Monday, 13 December 2010

The Last Hurrah

The last day of February ended with the feeling that I had, on a fine balance, passed the test set for each day. A good combination of project work, enjoyment and other activities. The other activities did not include a walk or much house work, but I did a number of little jobs but which did not amount to balancing the food enjoyment of the day

I considered going out for a bacon roll but decided on a brunch using the new grill plate which required assembling, lightly greasing the top plate and the eight individual under grill pans before switch on with the expected brief smoking, the cooling, then washing and drying before commencing a first trial cook. I had a medium to small portion of piece of peppered steak, accompanied by two small pieces of already cooked gammon, two eggs, one sliced tomato and one sliced onion. I started everything at the same time, prepared to eat individually as items cooked but was able to try them at the same time. The steak was cooked on the top plate and was about right with perhaps another few minutes but no more. The eggs in contrast were over done but fitted well into two of the individual small cooking plates and were easy to remove without breaking. I will try another time on the flat area of the grill plate. The tomato and the gammon together with the onion were topped off on the top plate and perhaps the onion need to go in earlier. I must try some mushroom, scrambling the eggs, some hash browns and cheese on small cuts of bread although this will be part of a sliced finger roll. I will save bacon for the bought out rolls, I nearly forgot heating up a small portion of baked beans. When in the mood I will try some thing more imaginative.

In the evening I created a bed of lettuce and cucumber pieces with some French dressing and then covered with pieces of the previously cooked and now cold mackerel mixed with prawns peeled from shell. I had not been looking forward to the cold fish having been unable to separate into two meals when removed from freezer and defrosted and cooked on the same day, but the combination worked well so that the mackerel did not overpower everything else. Staying up until three am there was a midnight soup in a cup and a finger roll filled with slices of gammon and peppered mustard. A banana, grapes and portion of Lemon Tort comprised the sweets.

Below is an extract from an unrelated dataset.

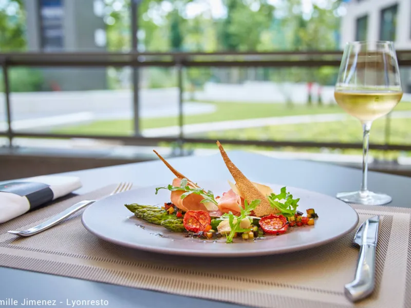 For lunch or dinner, the hotel's Tibone & Dorade restaurant offers cuisine cooked in a Josper® oven, which enhances the flavors of grilled meats and fish thanks to the wood used during cooking. A healthy and delicious menu to enjoy in the restaurant's leafy setting or on the terrace in fine weather.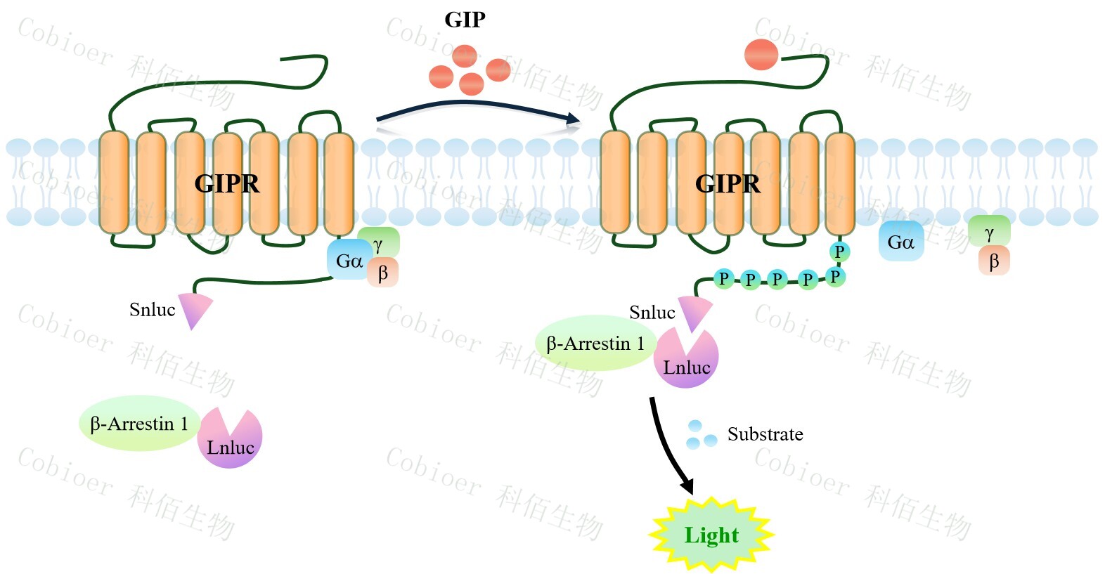 GIPR β-Arrestin 1 CHO 報告基因藥靶模型很好的模擬了體內(nèi) GIPR/β-Arrestin 1 的信號 轉導過程,原理見下圖所示。當缺乏配體刺激時,β-Arrestin 1 不與 GIPR 結合,融合β- Arrestin 1 的熒光素酶處于失活構象,當 GIPR 遭遇配體刺激時,融合熒光素酶報告基因的 β-Arrestin 1 被招募,使熒光素酶報告基因處于激活狀態(tài),加入其底物后發(fā)光信號增強。![]() Figure 1. GIPR β-Arrestin 1 CHO 細胞模型原理圖 |

Another admission has to be a can of caffeine and sugar free Pepsi cola.

The film find of the day was a showing of the Spencer Tracy performance in the film the Last Hurrah, from a book written in 1956 by Edward O Connor and which was a best seller in its day. The book is believed to have been based on the former Mayor of Boston James Michael Curley. Both characters were of Irish descent with working class backgrounds.

Mayor Curley became a working class hero where he and a political associate served a short prison sentence for fraud in 1904, having served as a member of the Massachusetts state House of representatives 1902-1903 and then become an Alderman, they had sat the civil service examination to enable two men in their district to get jobs as postmen with the Federal Government. The going to prison created a dark reputation for political opponents who exploited the incident during his subsequent election campaigns.

He was elected to the US House of Representatives 1911 to 1914 and was first elected Mayor of Boston in 1914 until 1918, returning in 1922-1926, 1930-1934 and 1946-1950. In 1937 and 1940 one of his former party political friends defeated him for the Mayoral nomination, which is an indication of the love hate reputation developed for him within the party as well as those supporting the Republican Party.

The reason for this is the scandals throughout his political life, During his tenure as Governor of the State 1935-1937 the state limo was involved in several accidents, he was accused of the sale of pardons to state convicts, and the appointment of scores of poorly qualified individuals to public office. The media stories led to the Democratic leadership failing to endorse his candidacy for the Senate in 1936. However he was back in favour in 1943, elected to the United House of Representatives and serving for four years and a Member of the US House of Representatives 1943-1947. In 1943 he was convicted on a felony indictment for influence peddling from his involvement for influencing peddling to secure defence contracts, but using the slogan Curley gets things done he won his fourth term as City Mayor. He was convicted of a further offence during this last period as Mayor and continued to hold the office while he was in prison. Despite these serious failings he remained worshipped in the city and when he died he received one of its biggest funerals, two statues and his former home is now an historical site. He had nine children by his first marriage but his wife and seven of the children all died before him. One son became a Jesuit priest.

In the novel the Mayor is a colourful character with a dark past aged in his 70‘s and a widower who explains to his nephew, a journalists, the realities of political life and election campaigning as he attempts another term as the Mayor. However in a reminder of the last days of Margaret Thatcher recently viewed, his methods are no longer acceptable and he is defeated by an unknown political inexperienced Republican with a good War record, smart appearance and good manners. He has a heart attack soon after the defeat and city in mourns someone whose time was past.

The film follows closely the story of the book, I am told. The role was originally planned for Orson Wells but while away one of his team turned it down, some thing which Wells regretted and I imagine he would have played the role in a darker way than he much loved Spencer Tracy. Pat O’Brien and Basil Rathbone also featured in the John Ford Film and Jeffery Hunter played the nephew journalist. Although popular in the city, former Mayor and Governor, Curley had quickly disappeared from national interest, but the book and the film helped to soften his image although the film link with the individual and the city was denied at the time.